According to the research and technology firm ON World, the market for wireless sensor network (WSN) products—think smart appliances, thermostats, security and safety sensors, and lighting controls— will have global annual revenues of $25.8 billion this year. That’s one great big Internet of Things!
By 2018, WSN device shipments are projected to surpass 930 million units. With demand for whole home system integration growing, home automation and control applications will account for more than half that number. Naturally, this translates into greater demand for broadband to keep all those devices going, which should keep installers and service providers alike busy for the foreseeable future.
For networks that include a number of legacy devices, the challenge for 2015 and beyond will be to get everything connected without having to replace the entire network infrastructure. Installers will need a variety of solutions to accommodate their client’s specific needs.
Intel recently introduced intelligent IoT gateways designed to do just that across a broad spectrum of industrial, energy, and transportation applications: these gateways collect sensor data and then analyze and normalize that data for sharing through the network and on the cloud.

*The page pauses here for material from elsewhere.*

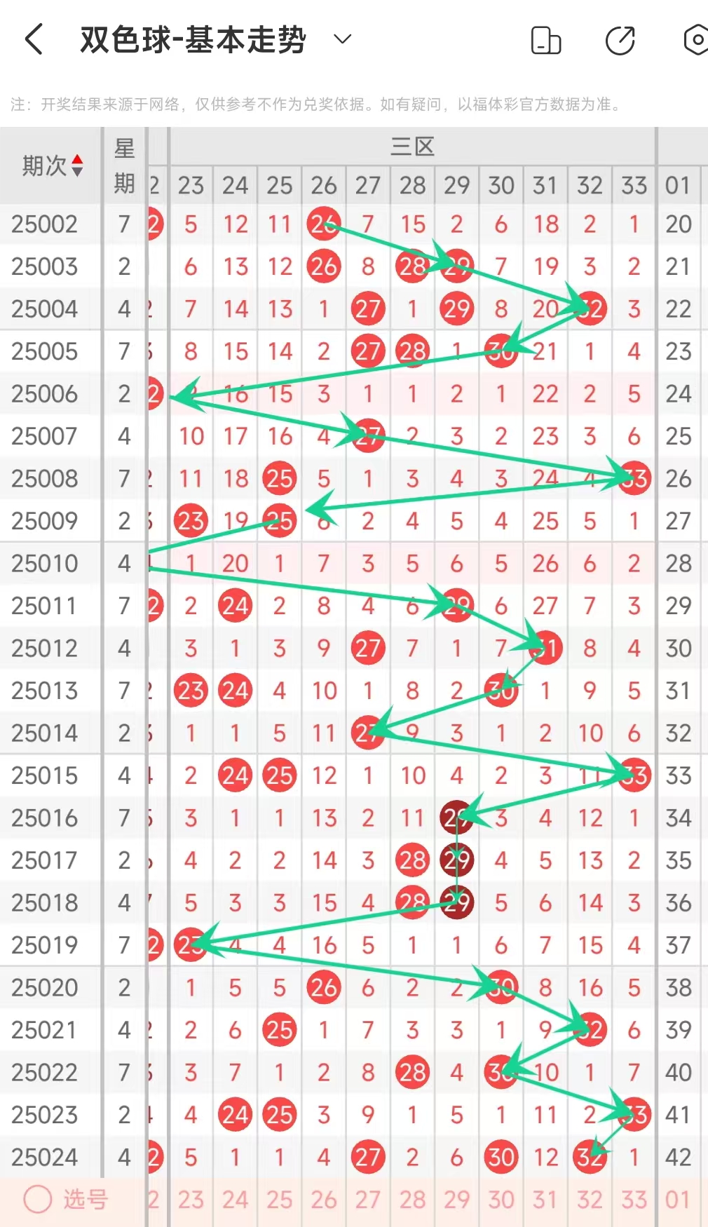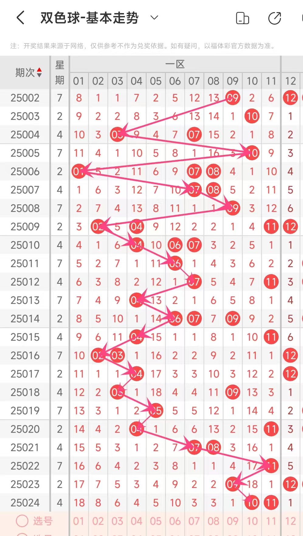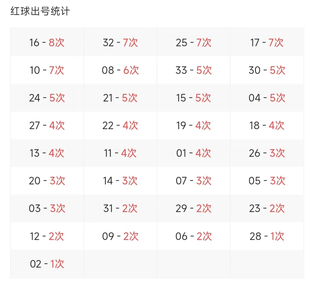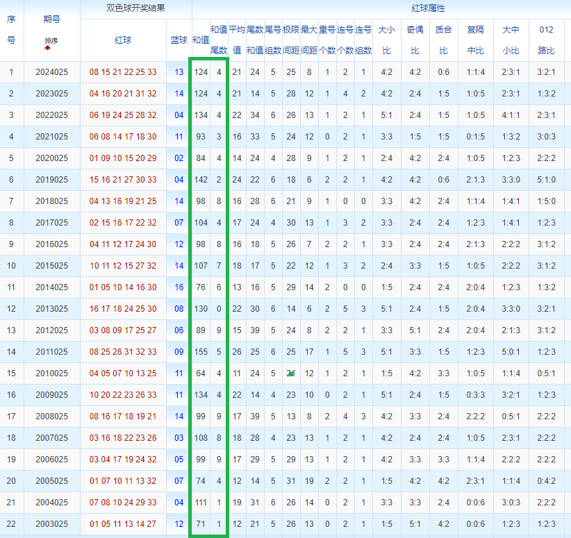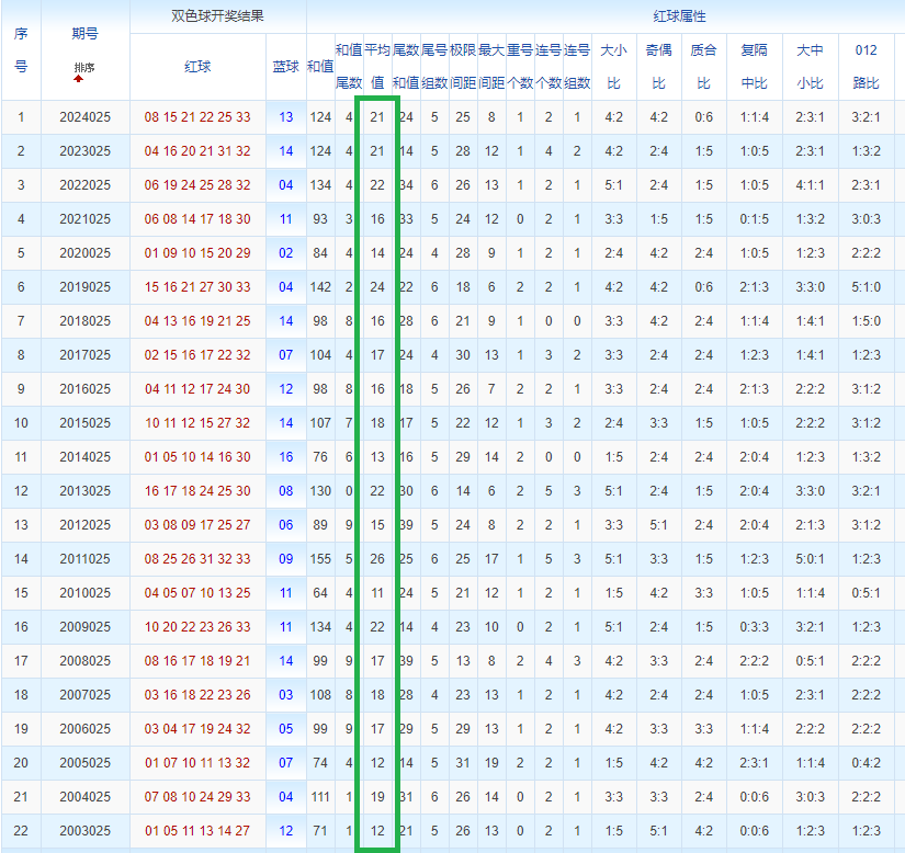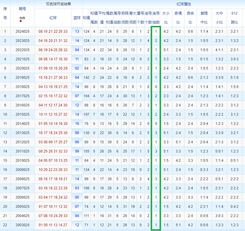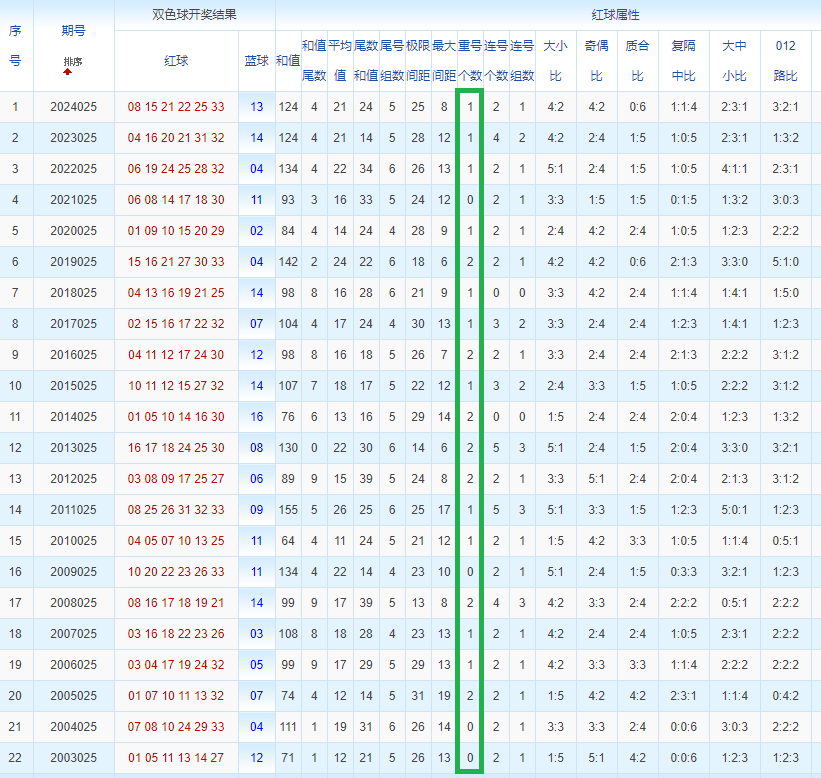 双色球玩法开奖多年,本人将从往年同期开奖号码和今年走势图来分析这期的开奖号数。比如研究2025025期,则把往年同期全部数据罗列出来分析,共22期。

In a recent OSP Magazine article, Ericsson director Ernie Gallo noted that, “Services are undergoing major changes in the areas of customer personalization and control, causing major impacts to operations and billing systems.” Citing AT&T’s Domain 2.0 as a prime example, Gallo suggested more and more customers want to control network elements themselves, and customize and configure their services without having to go through their service providers.
AT&T’s John Donovan announced in December that the company intends to step up its transition to software-defined networking (SDN) this year. The goal is to control more than 75% of its network using SDN by 2020. Toward that end, AT&T’s Network on Demand service enables companies to order, add, or change services on their own in near real time, giving them the ability to dial broadband speeds up or down in response to traffic, and to supply new communications ports in days as opposed to weeks.

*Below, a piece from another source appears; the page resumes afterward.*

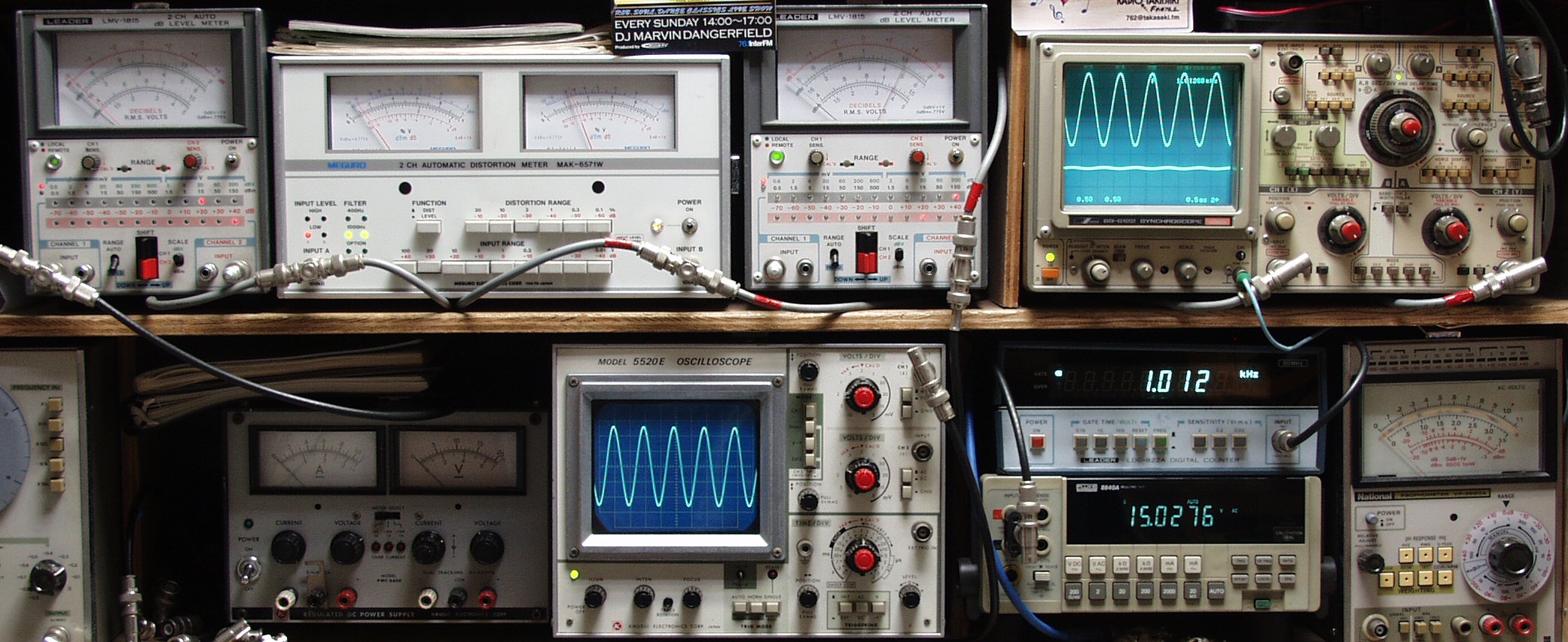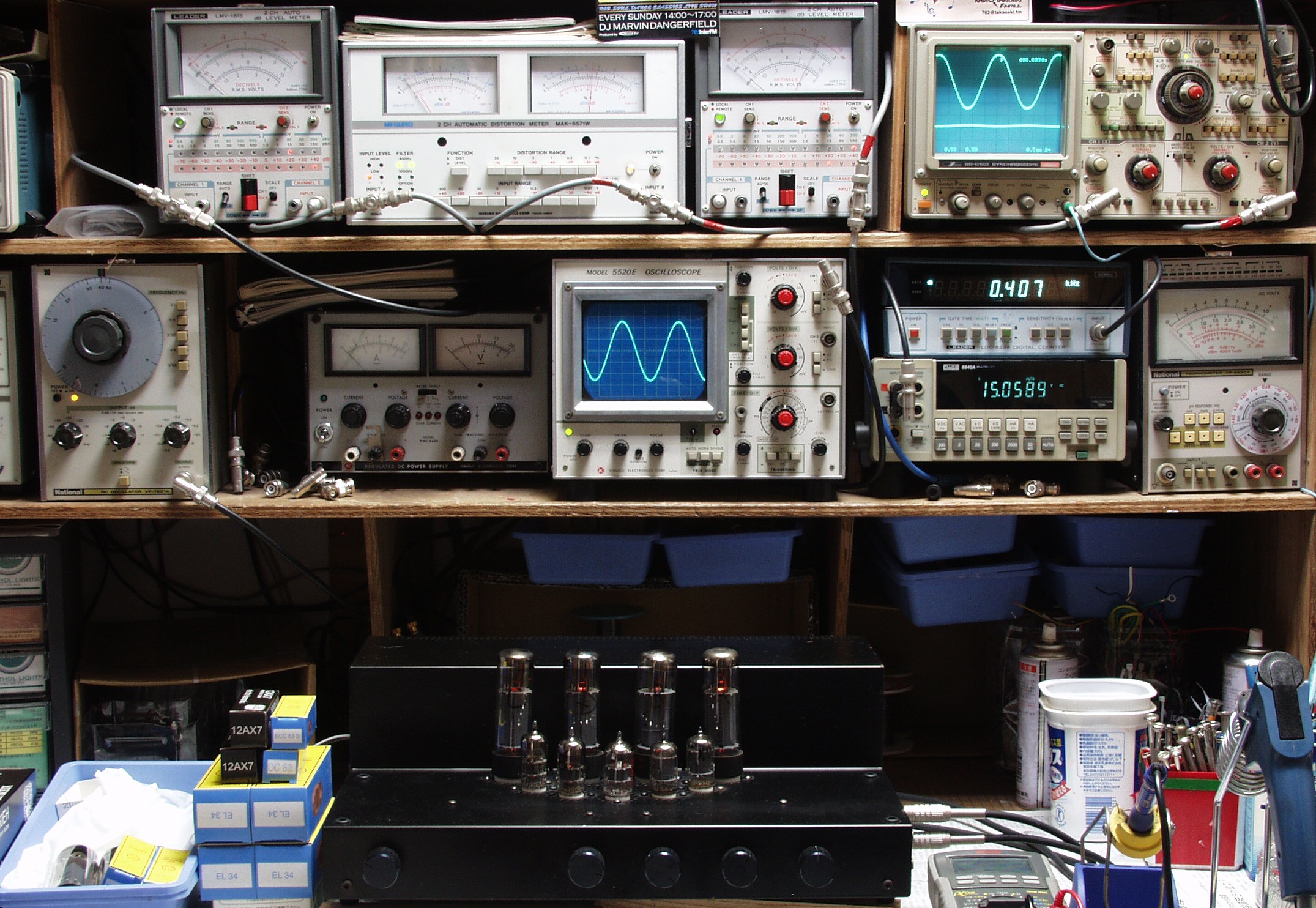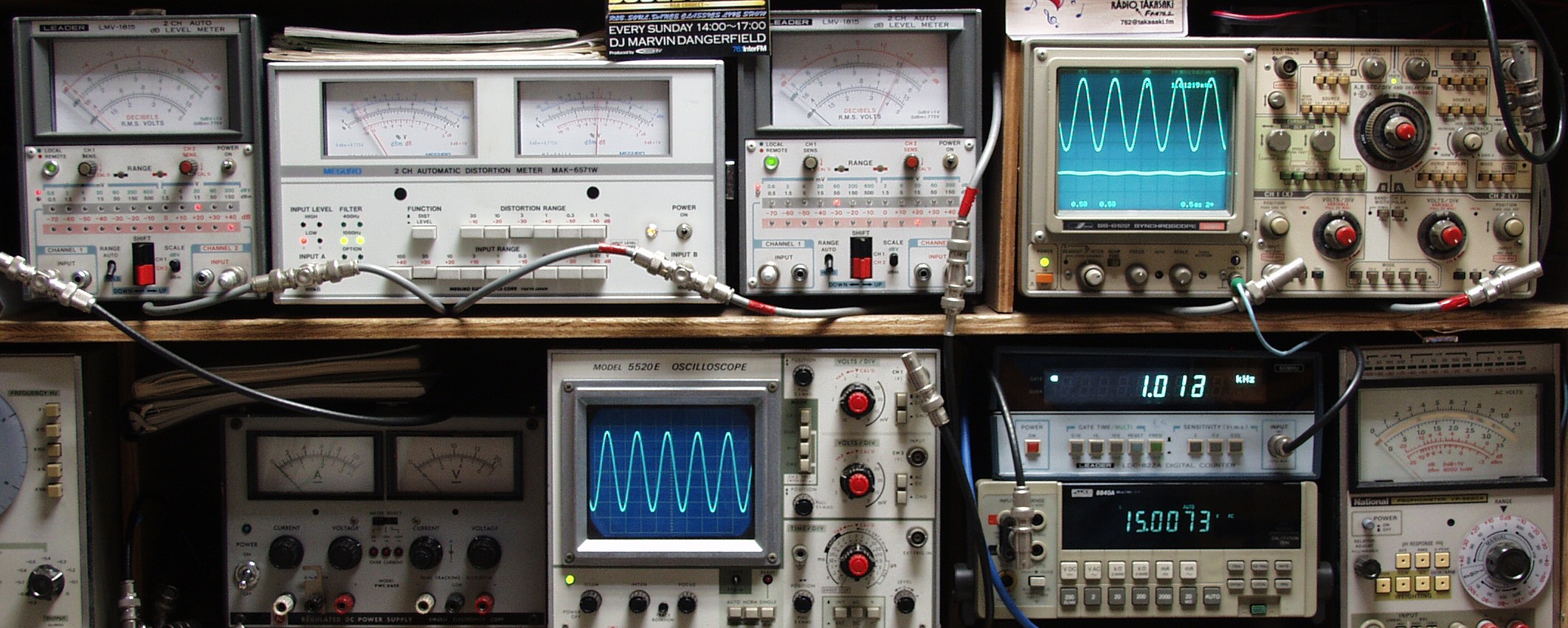 | E. 測定・調整 E−1. 出力・歪み率測定・調整 <見方> 下左オーディオ発振器より400HZ・1KHZの信号を出し(歪み率=約0.003%)これをAMPに入力し、SPからの出力を測定 下中オシロ=入力波形(オーディオ発振器のTTLレベル) 下右上=周波数計 上左端電圧計=L側SP出力電圧測定、黒針のみ使用 上中左歪み率計=SP出力の歪み率測定 左メータ=L出力、右メータ=R出力 上中右=R側SP出力電圧測定、赤針のみ使用 上右端オシロ=SP出力波形 上=R出力、下=L出力 下中右上デジタル電圧計=SP出力電圧測定RLは切り替えて測定 |

As Gallo noted, companies will have to embrace the idea that giving more power to customers is the future, or risk losing market share.
Sprint Weighs in on Title II
In a meeting slated for February 26, the Federal Communications Commission may vote to reclassify fixed and mobile broadband in the U.S. as common carrier services, which can be regulated under Title II of the Communications Act. Title II has long been applied to the wireline telephone market.
On January 15, Sprint’s chief technology officer, Stephen Bye, wrote a letter to FCC Chairman Thomas Wheeler indicating that the company is not opposed to the possible change: “Sprint does not believe that a light touch application of Title II … would harm the continued investment in, and deployment of, mobile broadband services.”
For broadband ISPs looking to expand their fiber networks—and for those in the business of actually installing all that fiber —Title II could be very good for business: if the FCC starts treating them as telecommunications services, outfits such as Google Fiber could gain access to poles and other infrastructure owned by utilities.